1. What we’ll do

Journalists frequently struggle with the mountains of messy data piled up by our periphrastic society. This vast and verbose corpus contains entries as diverse as the long-hand entries in police reports, the arcane legalese of legislative bills and the seemingly endless stream of social media posts.

Understanding and analyzing this data is critical to the job but can be time-consuming and inefficient. Computers can help by automating away the drudgery of sorting through blocks of text, extracting key details and flagging unusual patterns.

A common goal in this work is to classify text into categories. For example, you might want to sort a collection of emails as “spam” and “not spam” or identify corporate filings that suggest a company is about to go bankrupt.

Traditional techniques for classifying text — like keyword searches and regular expressions — can be brittle and error-prone. Traditional machine-learning models can be more flexible, though they require a high level of programming expertise and often yield unimpressive results.

Large-language models offer a better deal.
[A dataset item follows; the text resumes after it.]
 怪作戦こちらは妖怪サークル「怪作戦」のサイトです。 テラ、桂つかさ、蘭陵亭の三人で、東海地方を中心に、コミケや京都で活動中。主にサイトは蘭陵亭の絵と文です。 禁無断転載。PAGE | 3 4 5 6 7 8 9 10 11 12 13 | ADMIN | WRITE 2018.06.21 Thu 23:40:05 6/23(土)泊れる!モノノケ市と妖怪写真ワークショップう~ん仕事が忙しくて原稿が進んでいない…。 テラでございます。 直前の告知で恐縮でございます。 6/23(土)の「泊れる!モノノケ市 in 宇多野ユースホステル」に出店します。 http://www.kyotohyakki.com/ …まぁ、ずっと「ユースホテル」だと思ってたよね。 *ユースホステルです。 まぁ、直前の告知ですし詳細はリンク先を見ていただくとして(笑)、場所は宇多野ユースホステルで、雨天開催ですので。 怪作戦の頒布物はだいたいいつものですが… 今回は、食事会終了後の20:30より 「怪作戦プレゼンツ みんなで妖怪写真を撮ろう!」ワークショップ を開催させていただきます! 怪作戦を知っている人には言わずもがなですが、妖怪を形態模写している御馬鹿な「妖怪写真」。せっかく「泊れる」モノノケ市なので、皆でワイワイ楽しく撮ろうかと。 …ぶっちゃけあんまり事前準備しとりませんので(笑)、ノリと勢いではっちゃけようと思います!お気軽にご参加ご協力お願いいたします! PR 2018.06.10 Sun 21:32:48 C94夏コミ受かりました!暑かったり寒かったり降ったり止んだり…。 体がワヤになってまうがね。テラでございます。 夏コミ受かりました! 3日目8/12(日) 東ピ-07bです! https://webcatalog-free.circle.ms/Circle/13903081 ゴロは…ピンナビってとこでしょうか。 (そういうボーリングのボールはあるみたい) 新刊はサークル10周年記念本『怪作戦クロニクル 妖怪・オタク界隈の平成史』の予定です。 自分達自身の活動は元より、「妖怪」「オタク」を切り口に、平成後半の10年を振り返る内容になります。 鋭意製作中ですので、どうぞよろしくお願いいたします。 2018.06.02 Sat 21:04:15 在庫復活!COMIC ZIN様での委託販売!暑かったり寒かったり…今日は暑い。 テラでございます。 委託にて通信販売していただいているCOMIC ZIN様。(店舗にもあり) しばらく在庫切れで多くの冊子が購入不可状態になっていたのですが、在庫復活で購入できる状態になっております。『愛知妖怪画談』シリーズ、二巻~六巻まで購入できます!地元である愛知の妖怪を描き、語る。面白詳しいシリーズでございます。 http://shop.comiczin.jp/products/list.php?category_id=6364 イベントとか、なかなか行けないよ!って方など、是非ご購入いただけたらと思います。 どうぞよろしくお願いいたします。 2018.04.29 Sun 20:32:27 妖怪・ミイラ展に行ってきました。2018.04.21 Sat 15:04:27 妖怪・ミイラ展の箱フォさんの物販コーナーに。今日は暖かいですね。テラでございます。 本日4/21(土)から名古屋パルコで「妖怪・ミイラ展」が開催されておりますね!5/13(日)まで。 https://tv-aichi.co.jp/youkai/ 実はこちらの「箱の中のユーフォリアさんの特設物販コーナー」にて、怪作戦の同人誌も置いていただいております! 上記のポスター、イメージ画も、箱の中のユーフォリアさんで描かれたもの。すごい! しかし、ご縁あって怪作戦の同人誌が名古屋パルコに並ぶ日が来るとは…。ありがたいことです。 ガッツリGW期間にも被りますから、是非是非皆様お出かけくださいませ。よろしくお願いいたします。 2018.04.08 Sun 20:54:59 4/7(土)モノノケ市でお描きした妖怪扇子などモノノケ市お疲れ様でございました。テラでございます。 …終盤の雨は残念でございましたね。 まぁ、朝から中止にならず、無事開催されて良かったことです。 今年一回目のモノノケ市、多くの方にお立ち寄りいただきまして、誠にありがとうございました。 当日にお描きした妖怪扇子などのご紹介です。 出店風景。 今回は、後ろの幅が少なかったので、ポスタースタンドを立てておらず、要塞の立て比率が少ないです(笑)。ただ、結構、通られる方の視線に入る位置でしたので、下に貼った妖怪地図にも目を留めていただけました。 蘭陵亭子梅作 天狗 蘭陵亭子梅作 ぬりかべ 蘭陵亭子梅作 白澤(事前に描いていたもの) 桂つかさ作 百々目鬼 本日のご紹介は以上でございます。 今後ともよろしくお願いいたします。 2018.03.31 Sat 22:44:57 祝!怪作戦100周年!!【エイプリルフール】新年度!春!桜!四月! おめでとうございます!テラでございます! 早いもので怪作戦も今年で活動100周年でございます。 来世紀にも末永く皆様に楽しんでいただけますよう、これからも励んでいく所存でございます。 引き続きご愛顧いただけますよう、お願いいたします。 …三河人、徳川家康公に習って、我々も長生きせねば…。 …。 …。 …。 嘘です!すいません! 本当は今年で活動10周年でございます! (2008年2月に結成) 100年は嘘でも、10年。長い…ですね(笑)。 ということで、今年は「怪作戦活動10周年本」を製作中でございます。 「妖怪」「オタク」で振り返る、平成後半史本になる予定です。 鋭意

We will demonstrate how you can use them to get superior results with less effort.

1.1. The LLM advantage

Animated logos of LLM chatbot providers including ChatGPT, Claude and Gemini

A large-language model is an artificial intelligence system capable of understanding and generating human language due to its extensive training on vast amounts of text. These systems are commonly referred to by the acronym LLM. The most prominent examples include OpenAI’s GPT, Google’s Gemini and Anthropic’s Claude. There are many others, including numerous open-source options.

While these LLMs are most famous for their ability to converse with humans as chatbots, they can also perform a wide range of language processing tasks, including text classification, summarization and translation.

Unlike traditional machine-learning models, LLMs do not require users to provide pre-prepared training data to perform a specific task. Instead, LLMs only ask for a broad description of their goals and a few examples of rules to follow. This approach is called prompting.

After parsing the user’s request, the LLMs will generate responses informed by the massive amount of information they contain. That deep knowledge base is far larger than anything a human could curate and provide for training.

LLMs also do not require the user to understand machine-learning concepts, like vectorization or Bayesian statistics, or to write complex code to train and evaluate the model. Instead, users can submit prompts in plain language, which the model will use to generate responses. This makes it easier for journalists to quickly experiment with different approaches.

1.2. Our example case

To show the power of this approach, we’ll focus on a specific data set: campaign expenditures.

Candidates for office must disclose the money they spend on everything from pizza to private jets. Tracking their spending can reveal patterns and lead to important stories.

It’s no easy task. Each election cycle, thousands of candidates log their transactions into the public databases where spending is disclosed. The flood of filings results in too much data for anyone to examine on their own. To make matters worse, campaigns often use vague or misleading descriptions of their spending, making their activities difficult to understand.

New York Times article headlined "Santos, a Suburban House and $11,000 in Campaign Payments for Rent"

For instance, it wasn’t until after his 2022 election to Congress that journalists discovered that Rep. George Santos of New York had spent thousands of campaign dollars on questionable and potentially illegal expenses. While much of his shady spending was publicly disclosed, it was largely overlooked in the run-up to election day.

Inspired by this scoop, we will create a classifier that can scan the expenditures logged in campaign finance reports and identify those that may be newsworthy.

California Civic Data Coalition homepage with a geometric bear logo and a button to download campaign finance data

We will draw data from The Golden State, where the California Civic Data Coalition developed a clean, structured version of the statehouse’s disclosure data, which tracks the spending of candidates for state legislature, governor and other statewide offices. The records are now stored by Big Local News, an open-source journalism project hosted by Stanford University.